From my POV, while I am glad I made the effort to shift from Phoenix to Firestorm, I would say there is an argument here which is missing their main point.
Just what is wrong with the Linden Viewer UI?
What spoiled it for me was the jump from V1 to V2. Linden V1 has a range of colour schemes. V2 appeared in Beta with a rather dull set of colours, which I found difficult to use. I set out my reasons for wanting to see the same sort of choices that V1 had, and when that sort of choice appeared, I found I had to rely on a third-party developer, who had to repeat and test the work every time the Viewer was upgraded by Linden Labs.
Now they’re on V3, but I’ve never bothered to try it out. The Firestorm crew do a good job, and you can find these guys in-world. They’re people who take the trouble to use their Avatars. There are Lindens like that but, to be honest, I wouldn’t want Torley to be responsible for colour choices in the UI. Might not be the UI design… Maybe the question is, why don’t we feel safe with the Linden Viewer?
I’m not sure I share the contention that people don’t “feel safe” with the official viewer (not liking it is not the same as not feeling safe with it), although I do agree that people may well have a trust issue around LL (something I’ll to come back to). However, Wolf’s question in interesting, as it actually touches on elements of the Lab / user dynamic that go beyond the viewer itself – or at least it set me off thinking in that direction, as well as a number of others; so much so that as I attempted to reply to his comment with my thoughts, I found them growing to essay length proportions. Rather then end up with a huge splurge in the comments section of a blog post, I decided it might be better to give my thoughts a post of their own.
It’s About the Options
Whatever its flavour, the official viewer has always been regarded by many SL users as a poor offering. Back in the days of Viewer 1.x, for example, we had Nicholaz’ Viewer, the RLV .EXE for the official viewer, Cool Viewer and Rainbow Viewer. Of course, we also had the infamous Emerald Viewer. Of them all, the latter probably lead to an explosion in TPV use, with people opting for the huge spread of options and innovative approaches to the UI that made their in-world experience easier and more informative. It also, it’s fair to say, paved the way for Phoenix’s huge success when shenanigans from within brought an end to Emerald in Second Life.
Even today, the major reason for the adoption of TPVs has little to do with the UI presentation and issues therein or with any matters of trust where LL is concerned. It comes down to a simple matter of the range of additional options and capabilities presented to the user in a TPV when compared to the official viewer.
The Failure of Viewer 2.0
The real problems for LL’s own viewer really began with Viewer 2.0 and broader matters occurring before and during the launch period, as summarised below.
Poor UI Implementation
The UI design was bad, period. Not only were there issues with the colour scheme and issues with the font style (which many with eyesight problems reported as being hard to read), and in the use of toasties / chiklets, etc., – it was simply horribly unsettling to use.

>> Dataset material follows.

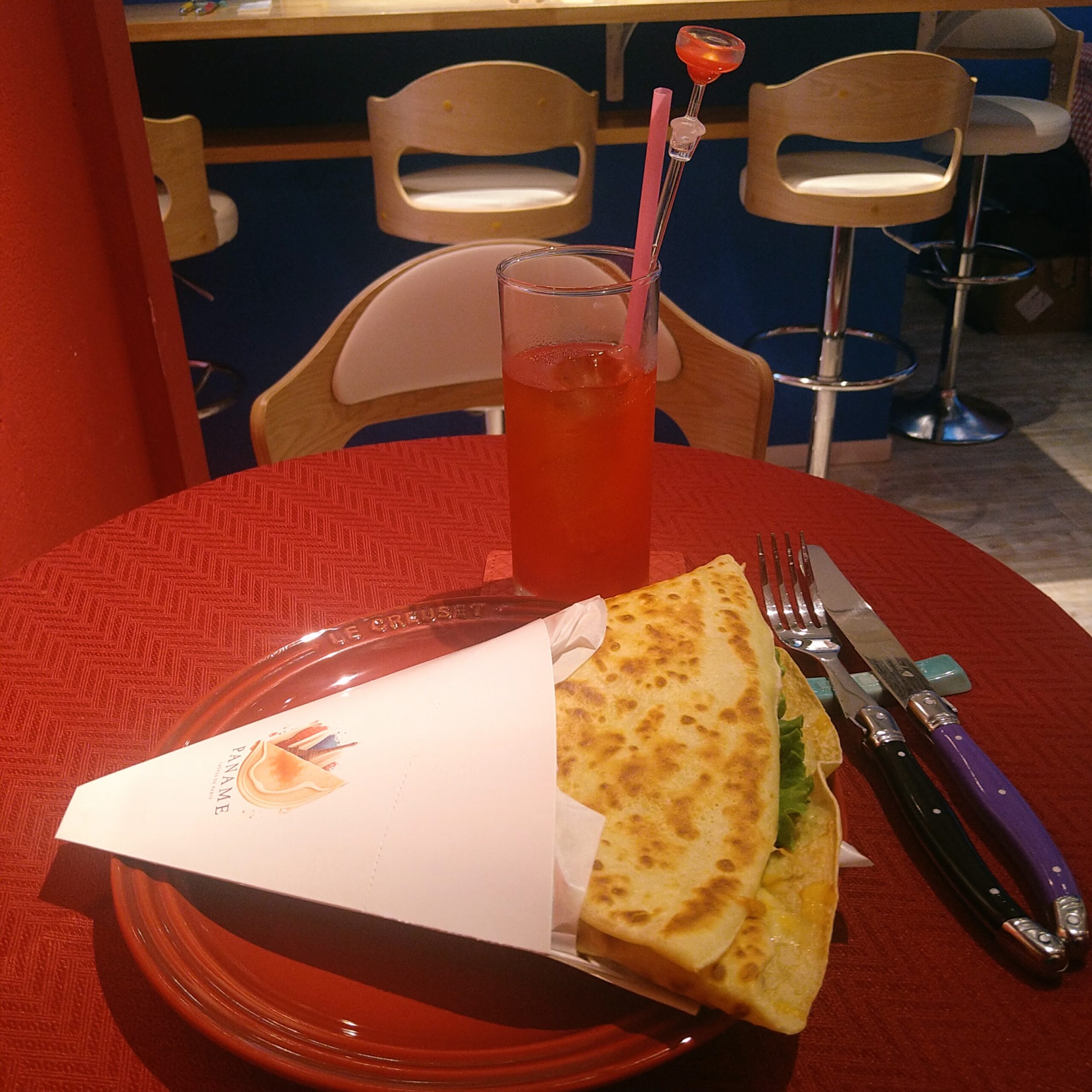 その大阪は心斎橋で、友人のKevin (Nick) Bahiがパリ風クレープレストラン&バー「PANAME CREPES DE PARIS」(所在地: 〒542-0086 大阪府中央区西心斎橋1丁目10−41 心斎橋 ANDANTINO 1F)を開いた。偶然にも、ホテル日航大阪 から徒歩数分の場所に位置している。「パリでクレープレストラン&バーで働いていたときから、自分でお店を持ちたいと思っていた。パリ風のクレープレストラン&バーは日本初。日本中に広めたいよ」とNickは力強く言う。自ら手掛けたというインテリアデザインは、トリコロールをモチーフとしておりとてもスタイリッシュだ。それにしてもクレープがおいしい。サムライソース(日本の侍とは関連無し)、チーズ、ハム、レタス、ハラペーニョなどを入れたクレープと、チョコレートのクレープを食べてみた。食事、スナック、デザートなどとして、いつでもどこでも気軽に楽しめる万能な食べ物なんだと実感。大阪の最終日、帰京しなければならないギリギリの時間までここで過ごした。クレープの他、いつでもワインなどのアルコールやソフトドリンクを楽しめる。wifiもあるので、(混みすぎていなければ)パソコン開いて仕事を片付けることもできる。こんなお店、近所にほしいものだ。あれば週3は行きますね。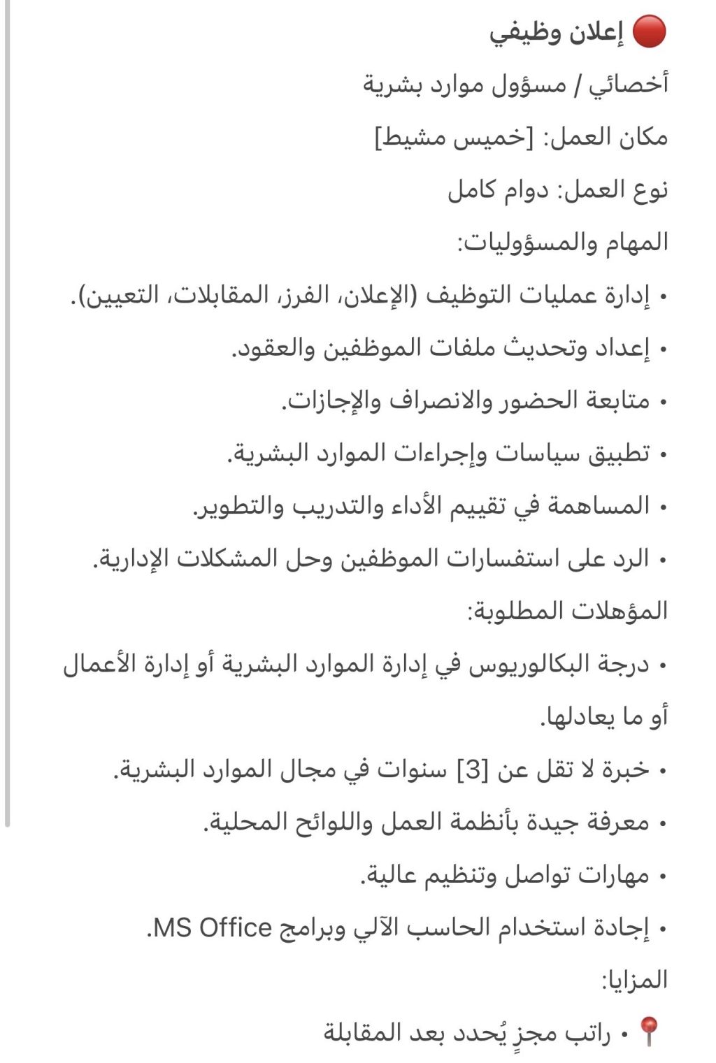 نرجو قراءة الاعلان جيدا مطلوب موظف HR للعمل في شركة في خميس مشيط المطلوب موضح بالصورة أعلاه

The most obvious examples of this were the original sidebar, which rudely shunted the world-view off to the left rather than functioning as an overlay, what far too large and intrusive and included a series of eye-distracting side tabs jutting into the right side of the screen, and the bizarre decision to split up the camera controls into mutually exclusive panes on the same floater. Neither of these were destined to find favour with established users, and LL were to prove equally unwilling to accept this.
Setting False Expectations
Prior to V2.0 appearing, a lot of false expectations were set as to what it would be. Not all of these were LL’s fault, in fairness. Some, however, were. In late 2009, LL allowed Massively a sneak peek at various elements of the “new” viewer, which largely received positive feedback from users.
Such was the buzz about the new approach, LL actually issued what amounted to a warning statement shortly after Massively published the piece, stating: “What we ship later this year will be very different from what appeared in that post. We’ll share a sneak peek of the “real” Viewer 2009 later in the year, with plenty of time to receive and incorporate feedback before the final iteration ships.
Not only did the Massively sneak peek present a UI that was reasonably familiar – and comforting – to users, it also offered insight into new and useful functionality which ended up being tossed aside prior to the release of the “finished product”.
Thus, and despite issuing their cautionary response to the Massively article, LL had managed to tweak people’s expectations: we were going to get a viewer that looked something like V1; it was going to have cool additional features we’ve been looking for. What’s more, and as shown in the Massively article, there was even going to be a fairly simply UI skin that would potentially be easier on the eye for those with vision impairments.